• _WHAT THE TASK ASKS_:
Write out the listing, please, but only from its first line through the line containing "Kohler 750 cc", exactly as given and without pictures.

• _DATASET EXTRACT_:

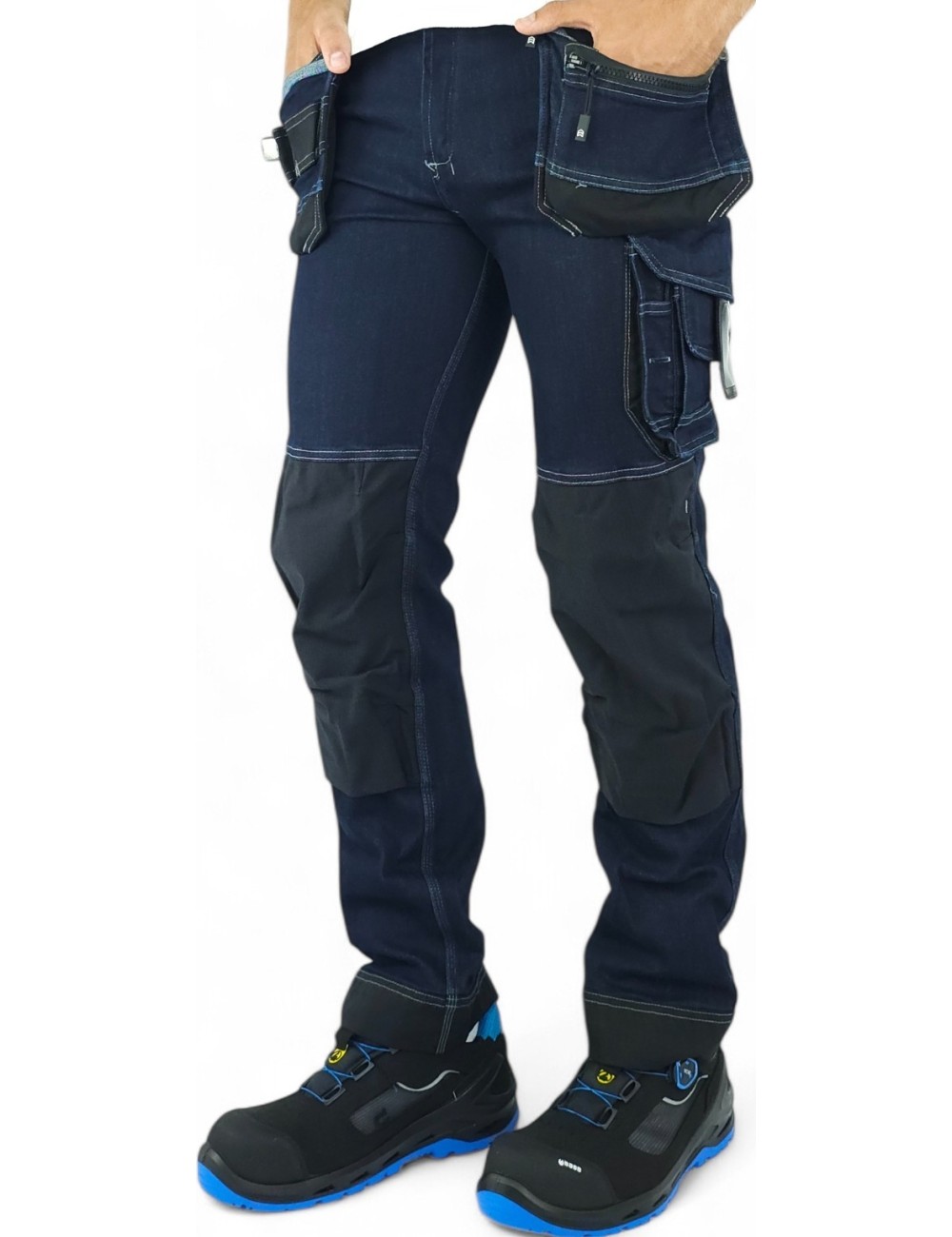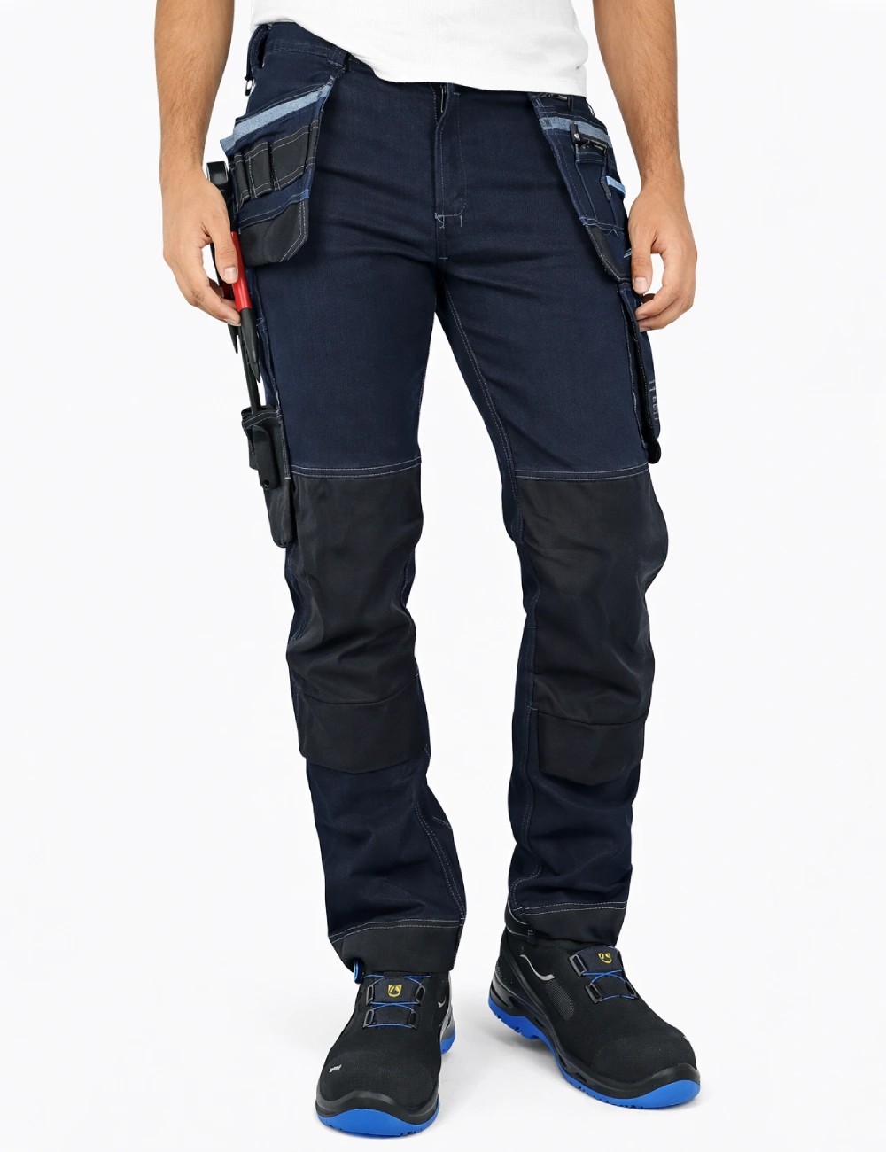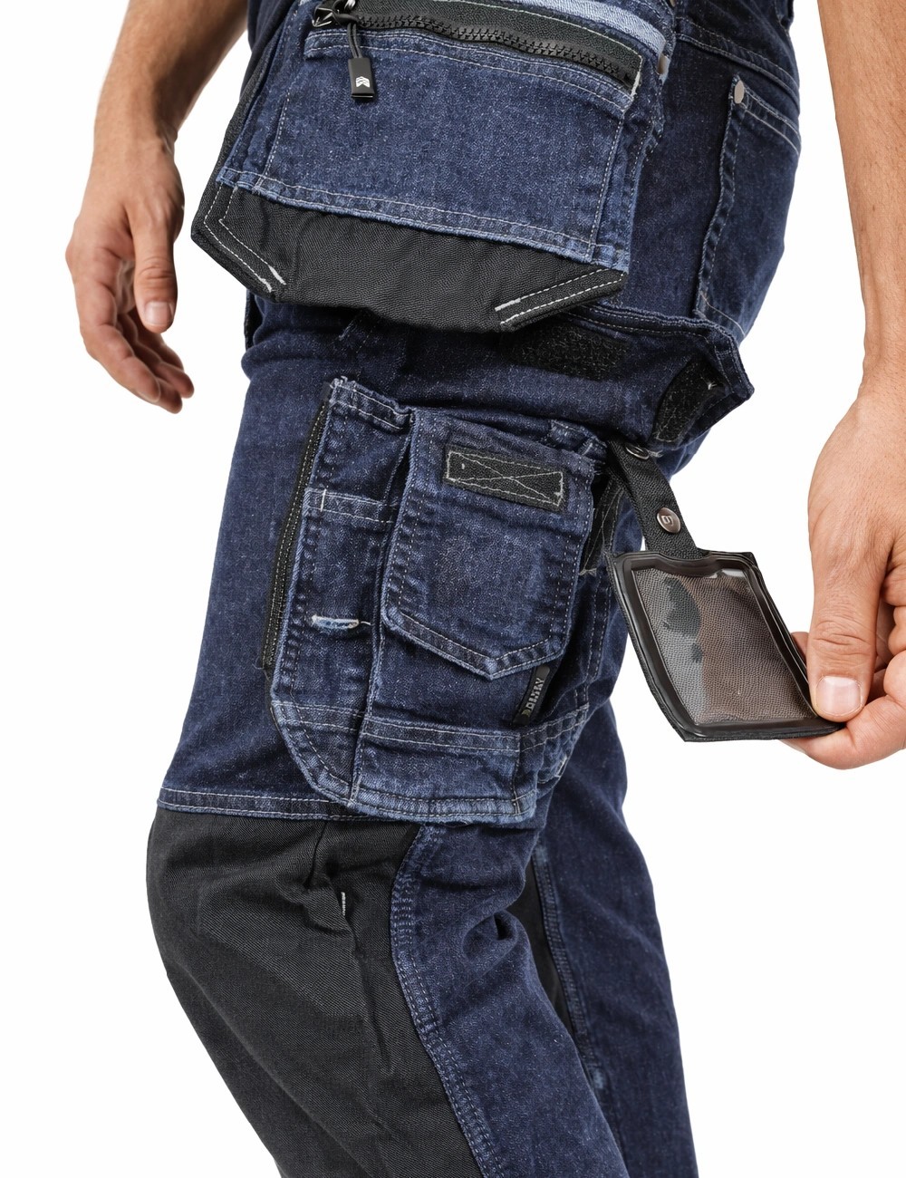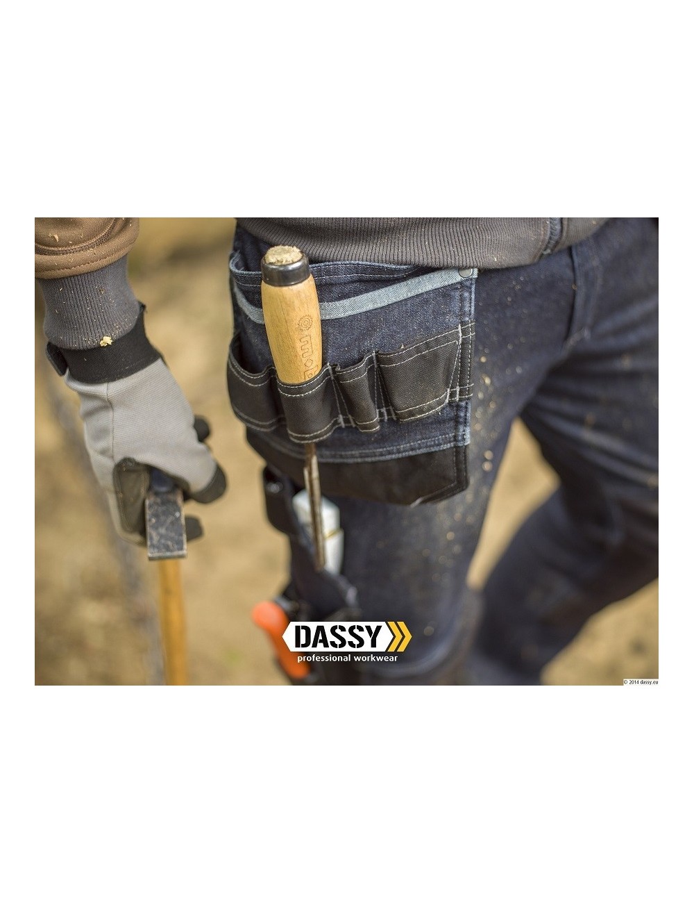 Pantalonii de lucru Dassy Melbourne din denim reprezinta o revolutie in lumea tinutelor de lucru. Materialul moale si elastic ofera un confort exceptional. Croiul slim fit arata grozav pe orice silueta, ceea ce ii face din ce in ce mai cautati de profesionisti. Acesti pantaloni ofera toate caracteristicile esentiale pentru munca: buzunare pentru genunchiere (se recomanda modelele de la acelasi producator), buzunare suspendate intarite cu Cordura pentru accesorii esentiale. De asemenea, dispun de bucle suplimentare pentru unelte, buzunare mici, m.in. un buzunar pentru telefon si suporturi pentru legitimatii. Pantalonii Melbourne se inchid cu fermoar si nasture. Cusaturile cu trei ace asigura o durabilitate exceptionala. Acesti pantaloni de lucru sunt un must-have pentru orice pasionat de imbracaminte profesionala.
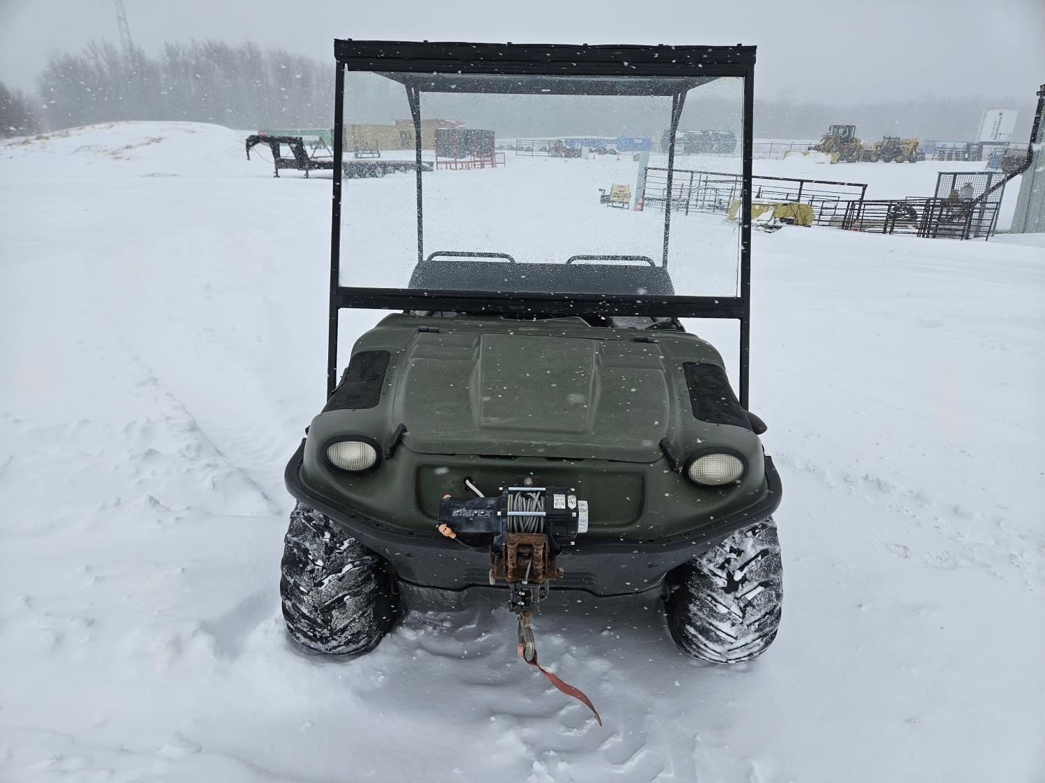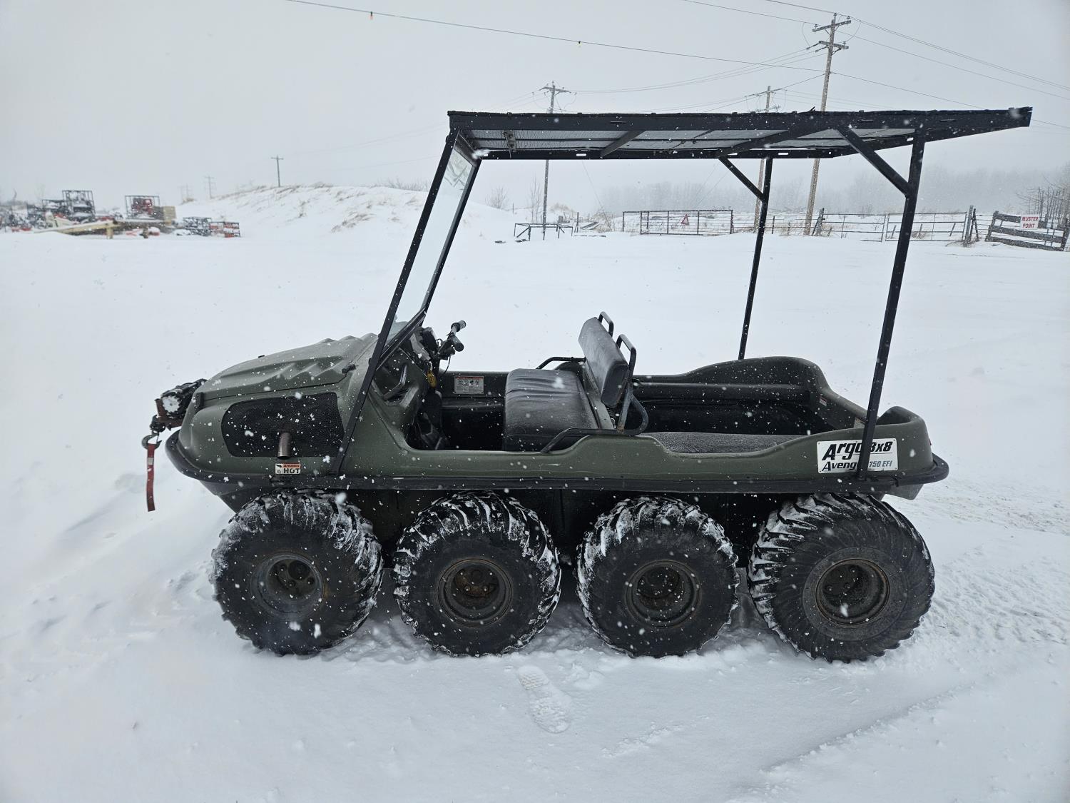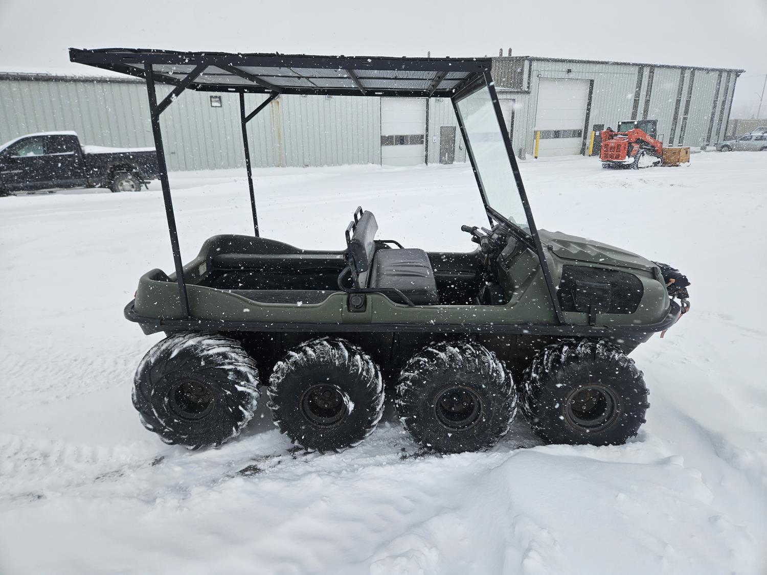 Kohler 750 cc EFI gas engine, Low/High reverse transmission, 3000 lb front mount winch, 2 inch receiver hitch, windshield, canopy, new Argo fuel pump, new steering master cylinder, 25x11.50-9 tires
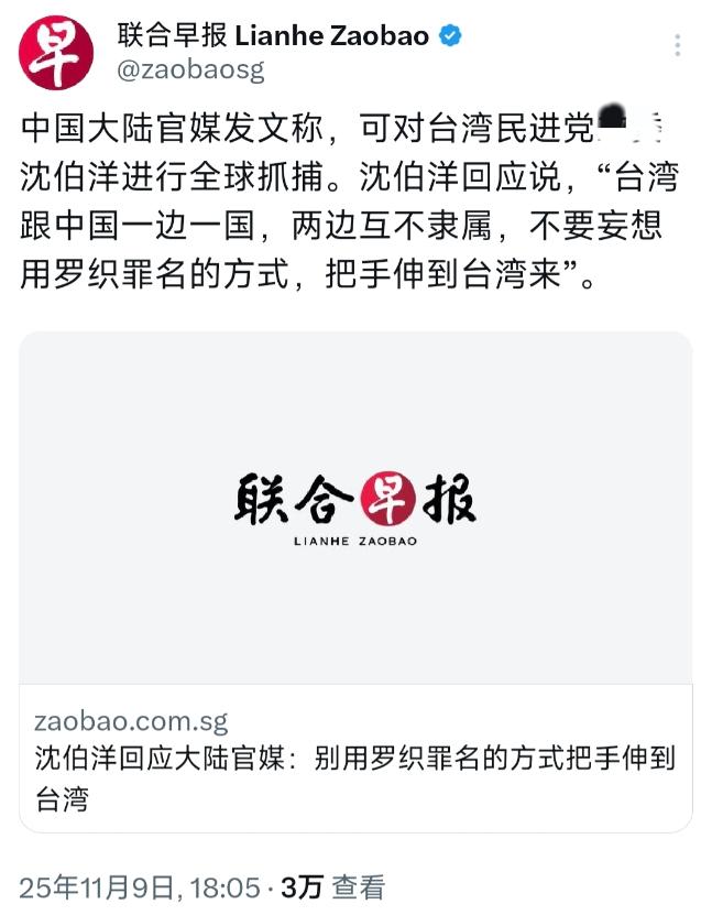 新加坡联合早报11月9日晚报道:“中国大陆官媒发文称,可对台湾民进党民代沈伯洋进行全球抓捕。沈伯洋回应说,‘台湾跟中国一边一国,两边互不隶属,不要妄想用罗织罪名的方式,把手伸到台湾来’。” 别觉得“全球抓捕”是吓唬人,重庆公安早就以“分裂国家罪”把他盯上了,证据都在一点点凑齐。他搞的那个“黑熊学院”,早被人看穿是搞“台独”的窝点,打着“民防训练”的幌子教人造反,还鼓吹“全民皆兵”,分明是给台海添乱。 更缺德的是,他还借着这由头赚台湾人的黑心钱,美国在台协会一喊“备避难包”,他立马推出“防灾盒”,成本才三百块,他敢卖1380新台币,里面连正经急救用品都没几样;一堂“战时种菜课”喊到三千多块,纯纯赚老百姓的焦虑钱。 真当自己的猫腻没人知道?他就是外国势力的提线木偶。侯汉廷早把他的底揭了,他的“台湾民主实验室”,五年拿了美国国际开发署135万美元资助,还通过索罗斯的基金会捞钱,连“黑熊学院”都收过美国在台协会的好处。嘴上喊着“守护台湾”,转头就拿外国人的钱干分裂祖国的事,这不是汉奸卖国贼是什么? 他可别忘了,再嚣张也扛不过法律的拳头,这拳头可不分地界。缅北的白家父子当年多嚣张?手里握着两千人的武装,管着41个电诈园区,骗了几百亿,还害死六个中国人,到最后不照样被抓回大陆受审? 再看黎智英,当年在香港威风得很,勾结外国势力乱港,现在呢?已经被判了好几回,关在牢里还得接着审,连自家族谱都把他除名了,这辈子大概率要在牢里过。沈伯洋干的事比黎智英更毒,又搞分裂又通外国,下场只会更惨。 别以为躲在台湾就安全,更别想跑出去避风头。中国有《引渡法》,跟25个国家都签了引渡协议,就算没签的,也能互相帮忙抓。以前多少外逃的罪犯,跑多远都被抓回来了,沈伯洋只要敢踏出台湾,落到有合作的国家手里,分分钟给引渡回来。他现在也就只能在台湾耍耍嘴硬,真敢出去试试,恐怕机场都出不去。 国台办早说了,对“台独”顽固分子要终身追责,就算他不来受审,照样能定罪。沈伯洋现在蹦得越欢,将来摔得越惨。白家父子的结局、黎智英的牢狱之灾,都是给他写好的前车之鉴。等清算那天到了,他欠国家和人民的,迟早得还,这辈子把牢底坐穿,跑不了。

• _RESULT FOR THIS EXERCISE_:
 Pantalonii de lucru Dassy Melbourne din denim reprezinta o revolutie in lumea tinutelor de lucru. Materialul moale si elastic ofera un confort exceptional. Croiul slim fit arata grozav pe orice silueta, ceea ce ii face din ce in ce mai cautati de profesionisti. Acesti pantaloni ofera toate caracteristicile esentiale pentru munca: buzunare pentru genunchiere (se recomanda modelele de la acelasi producator), buzunare suspendate intarite cu Cordura pentru accesorii esentiale. De asemenea, dispun de bucle suplimentare pentru unelte, buzunare mici, m.in. un buzunar pentru telefon si suporturi pentru legitimatii. Pantalonii Melbourne se inchid cu fermoar si nasture. Cusaturile cu trei ace asigura o durabilitate exceptionala. Acesti pantaloni de lucru sunt un must-have pentru orice pasionat de imbracaminte profesionala.
 Kohler 750 cc EFI gas engine, Low/High reverse transmission, 3000 lb front mount winch, 2 inch receiver hitch, windshield, canopy, new Argo fuel pump, new steering master cylinder, 25x11.50-9 tires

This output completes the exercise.